• **WORK REQUIRED**
Your copy should hold only the lines from the one with "(3) 丝杠:滚珠丝杠是数控机床核心传动部件,高精度量产厂商稀少" to the one with "A fully tiled", both included, each exactly as it stands below, with no pictures.

• **ENTRIES SHOWN**

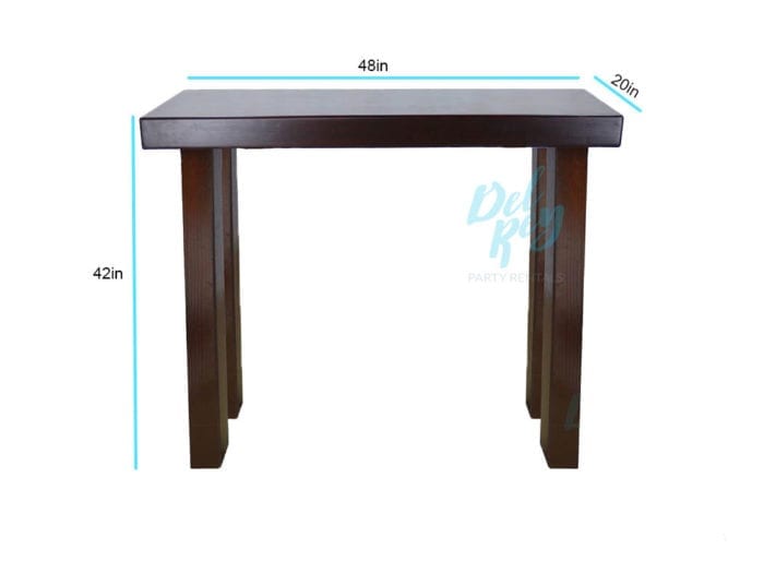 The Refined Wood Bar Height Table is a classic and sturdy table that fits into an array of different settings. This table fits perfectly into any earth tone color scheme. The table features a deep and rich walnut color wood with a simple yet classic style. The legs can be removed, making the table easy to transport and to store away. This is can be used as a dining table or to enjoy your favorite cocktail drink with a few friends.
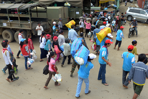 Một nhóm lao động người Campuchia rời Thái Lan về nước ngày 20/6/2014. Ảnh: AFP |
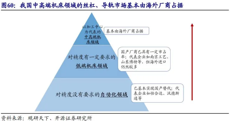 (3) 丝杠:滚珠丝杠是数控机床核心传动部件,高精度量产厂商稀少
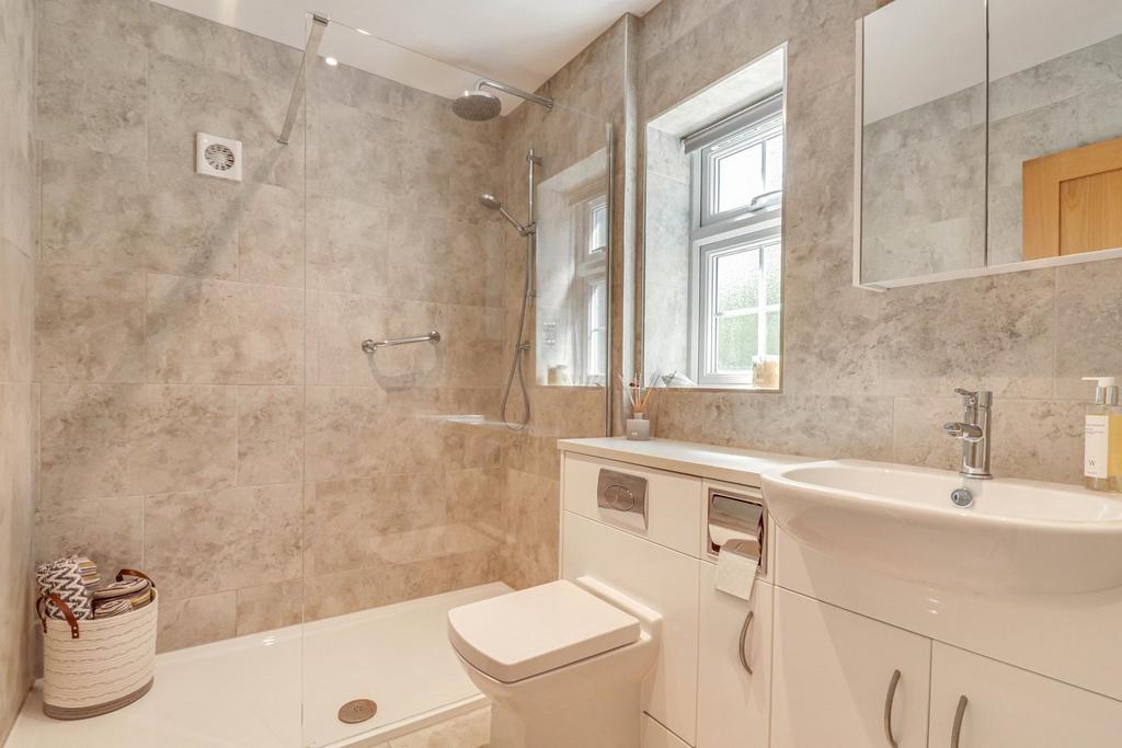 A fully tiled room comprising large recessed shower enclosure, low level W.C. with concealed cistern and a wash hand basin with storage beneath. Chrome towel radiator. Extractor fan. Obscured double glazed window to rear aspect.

==

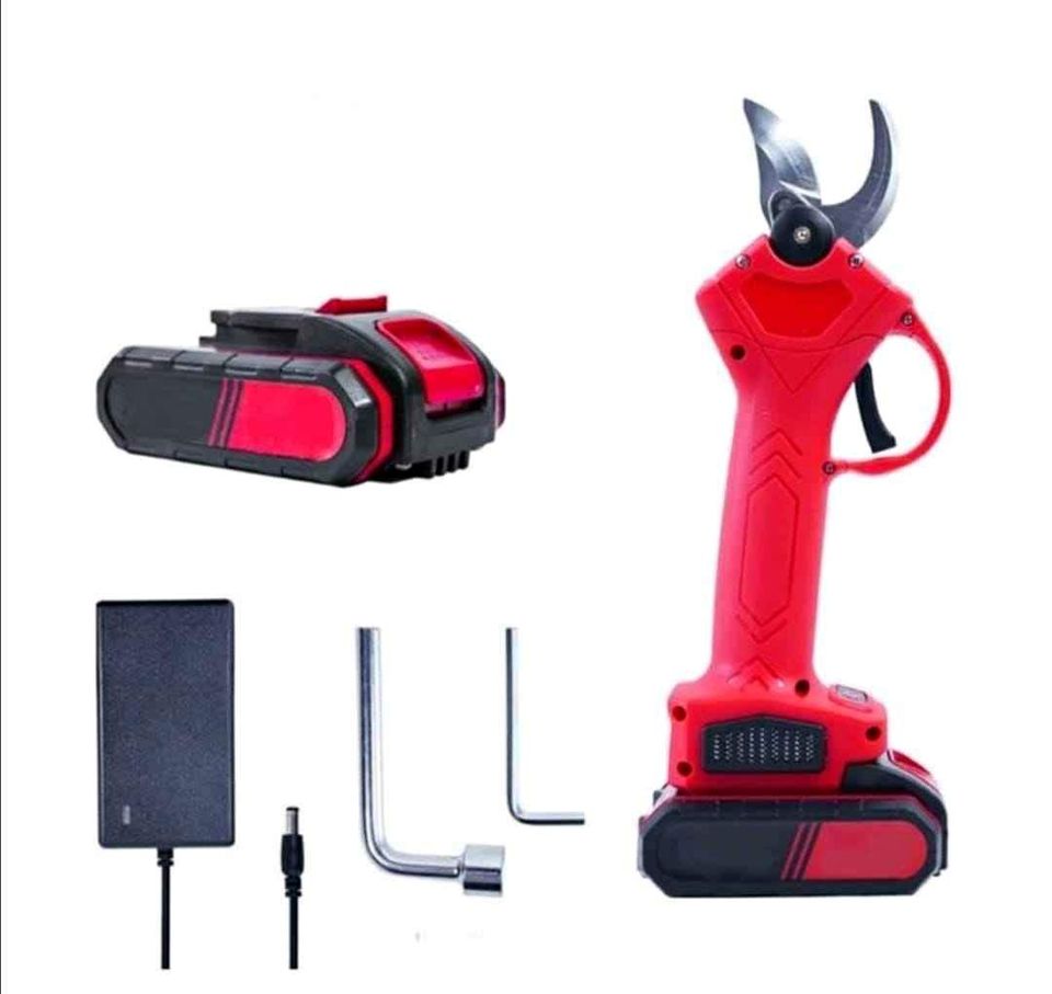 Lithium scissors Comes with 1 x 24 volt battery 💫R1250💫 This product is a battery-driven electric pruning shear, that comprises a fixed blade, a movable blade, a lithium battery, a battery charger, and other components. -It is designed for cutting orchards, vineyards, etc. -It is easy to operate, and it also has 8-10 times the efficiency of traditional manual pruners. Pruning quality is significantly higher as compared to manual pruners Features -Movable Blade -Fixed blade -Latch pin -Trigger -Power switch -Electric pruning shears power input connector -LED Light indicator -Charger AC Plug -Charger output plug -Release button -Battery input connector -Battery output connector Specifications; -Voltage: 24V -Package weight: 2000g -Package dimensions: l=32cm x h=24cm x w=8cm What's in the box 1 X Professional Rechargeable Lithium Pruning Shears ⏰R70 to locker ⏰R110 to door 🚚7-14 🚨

---

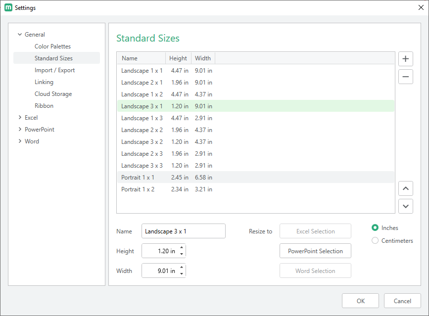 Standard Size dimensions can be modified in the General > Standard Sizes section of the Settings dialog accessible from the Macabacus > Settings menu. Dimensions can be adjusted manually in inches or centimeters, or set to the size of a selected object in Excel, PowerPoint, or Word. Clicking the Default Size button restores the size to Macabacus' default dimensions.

• **RESULT BELOW**
 (3) 丝杠:滚珠丝杠是数控机床核心传动部件,高精度量产厂商稀少
 A fully tiled room comprising large recessed shower enclosure, low level W.C. with concealed cistern and a wash hand basin with storage beneath. Chrome towel radiator. Extractor fan. Obscured double glazed window to rear aspect.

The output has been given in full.